Все это во многом ограничивает деятельную сторону жизни Homo in tempŏre. Его осторожность – это осторожность художника, который знает, что у него нет возможности исправить ни один неудачный мазок. Добавим к этому нежелание менять внешнюю обстановку своей жизни и отсутствие обычной мотивации человеческих поступков. В то же время у Homo in tempŏre, наряду с очень хорошей памятью, есть способность воспринимать самые разные мировоззрения, поскольку ему с детства приходится сочетать свой личный взгляд на мир с общепринятым.

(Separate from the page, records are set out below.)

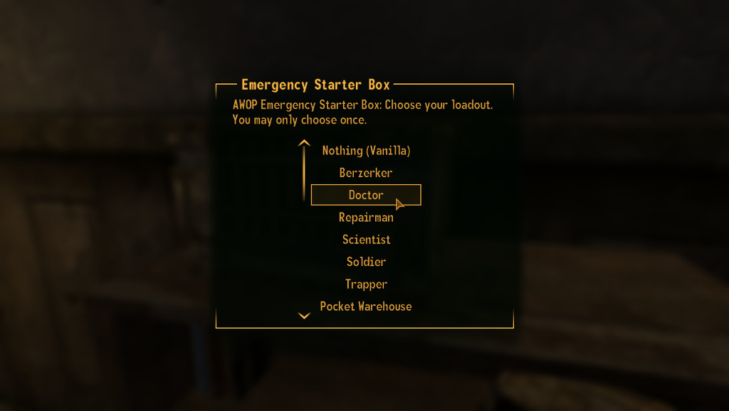 요건 모드로 설치한 IWS(몹 ㅈㄴ 늘리는 모드)에서 초반에 너무 힘드니 주는 보너습니다. 저는 의사양반이 좋으므로 가 아니고 체력이 초반에 후달릴거 같으므로 의사양반을 택합니다.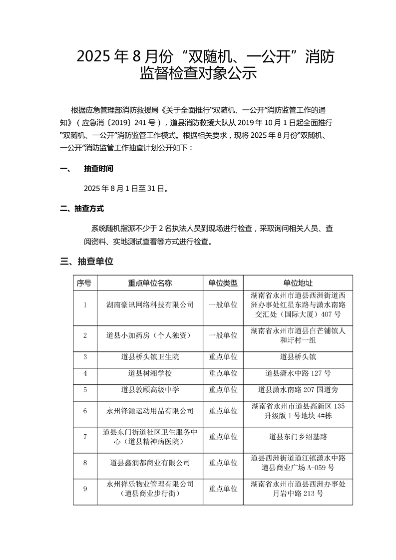 2025年8月份“双随机、一公开”消防监督检查对象公示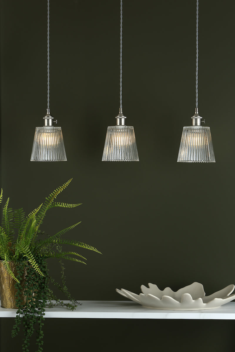 This version has a trio of vintage-look straight-sided jar shade in waterfall ribbed glass, complemented by sophisticated antique chrome ceiling bar and lamp holders.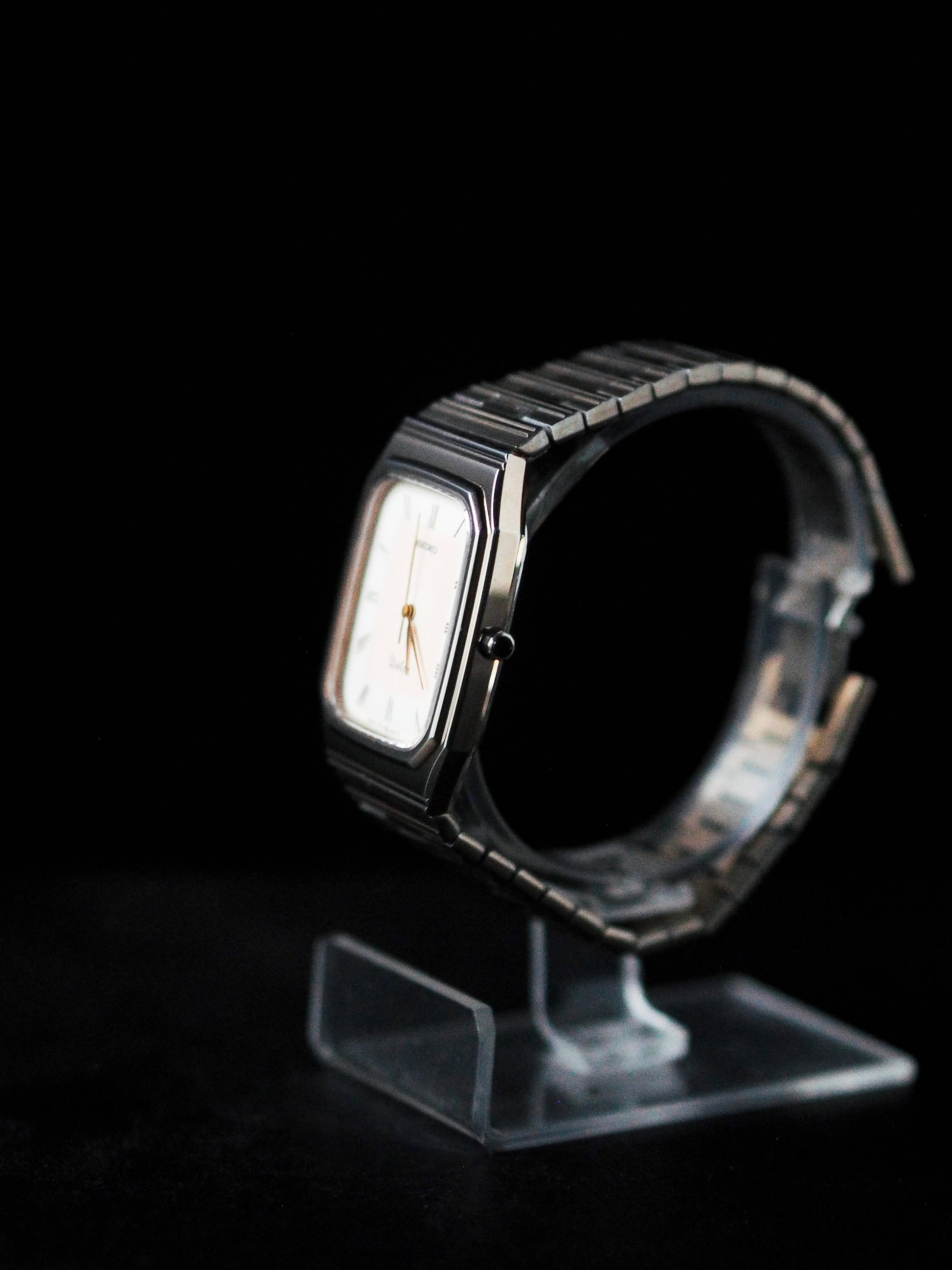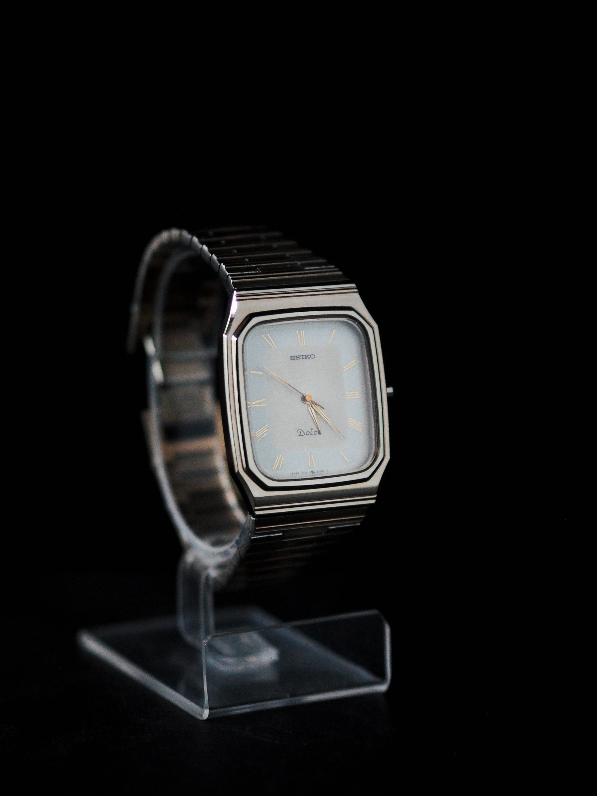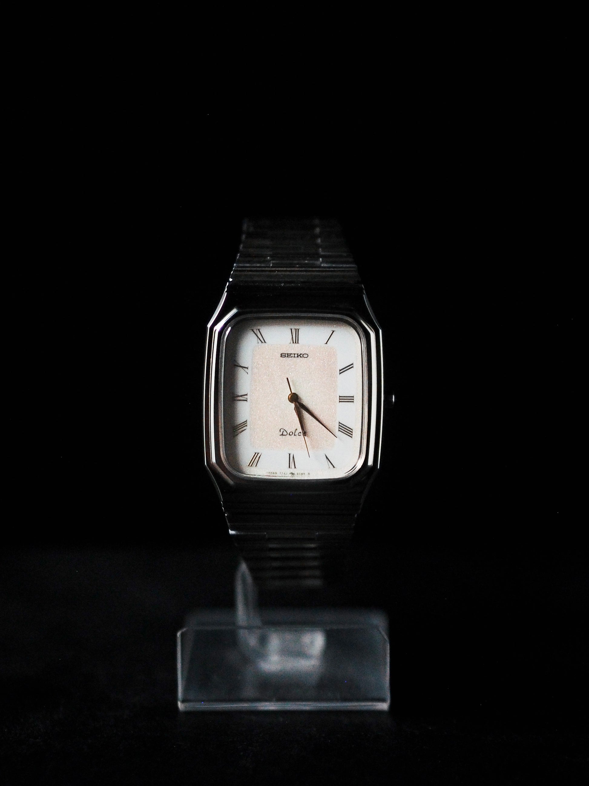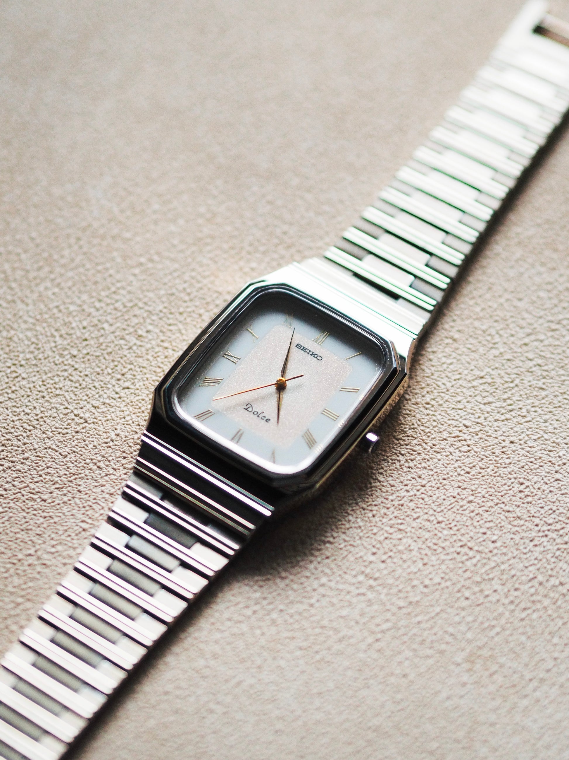 Such as this Seiko Dolce tank 7741-5130, which has an integrated bracelet that fits measurements within +/- 17.5 cm and a gorgeous two-tone salmon dial with shimmering shines under certain lighting conditions. The watch also has sword-shaped hands and gold Roman indices. The sapphire crystal and tungsten carbide casing of the watch have kept it in excellent condition overall.
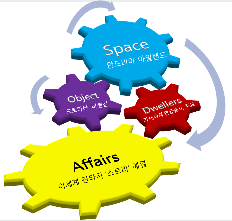 Space : '안드리아 아일랜드(Andria Island)'로 해봤습니다. 2천 미터 고도에 위치한 작은 왕국에서 아이디어를 발전시켰습니다. 하여, 떠다니는 '부유섬'으로 설계하는 것도 재밌을 것 같습니다.

В данном отношении его можно сравнить с человеком, который с младенчества говорит на двух языках и поэтому с легкостью усваивает другие. В результате Homo in tempŏre довольно часто способен на духовную, творческую деятельность, которой он занимается либо в рамках «обычного жизнепровождения», либо ради кого-то из окружающих, либо «из любви к искусству». Развлекаясь, он способен взглянуть на существующий мир глазами пещерного человека, глазами гостя из далекого будущего и заметить некоторые черты, не подвластные обычному глазу.

Таким образом, в Homo in tempŏre предчеловек (животное) причудливым образом уживается с собственно человеком и с постчеловеком, добавляя к двойственной биологической и социальной природе современных людей нечто новое. Несмотря на это, ничто не мешает Homo in tempŏre прожить обычную человеческую жизнь, слегка разнообразив ее за счет своих особенностей и теша себя надеждой, что со временем людей, подобных ему, станет все больше и больше, они смогут находить друг друга и объединяться в особые общины. Представить себе общество, составленное исключительно из подобных людей, в настоящий момент времени невозможно, так как для его возникновения необходимо создавать совершенно иные социальные институты, изменять все существующие формы общественного сознания. Процесс этот по своей длительности и сложности сопоставим с процессом развития человеческого общества от полудикого племени до современного состояния. Но процесс этот, наверное, неизбежен, потому что альтернатива – бесконечное движение вперед во времени либо бессмысленные и бесконечные циклы – кажется еще в большей степени безнадежной. Кстати, предполагая, что на определенном этапе своего существования цивилизация перестает «бесконечно обустраивать будущее» и устремляет свое внимание на уже имеющийся отрезок истории, мы сможем разрешить противоречие, известное как «основной парадокс ксенологии» (или «молчание космоса»).


1. Вообще говоря, это статья, с которой начинается сборник моих произведений «Настоящие путешественники во времени». Описывая прежде всего себя, я делала упор на воспоминания, а не на способность к предвидению, которой у меня нет. Но вполне возможно представить себе и симметричный вариант Homo in tempŏre, ориентированный в большей степени на будущее.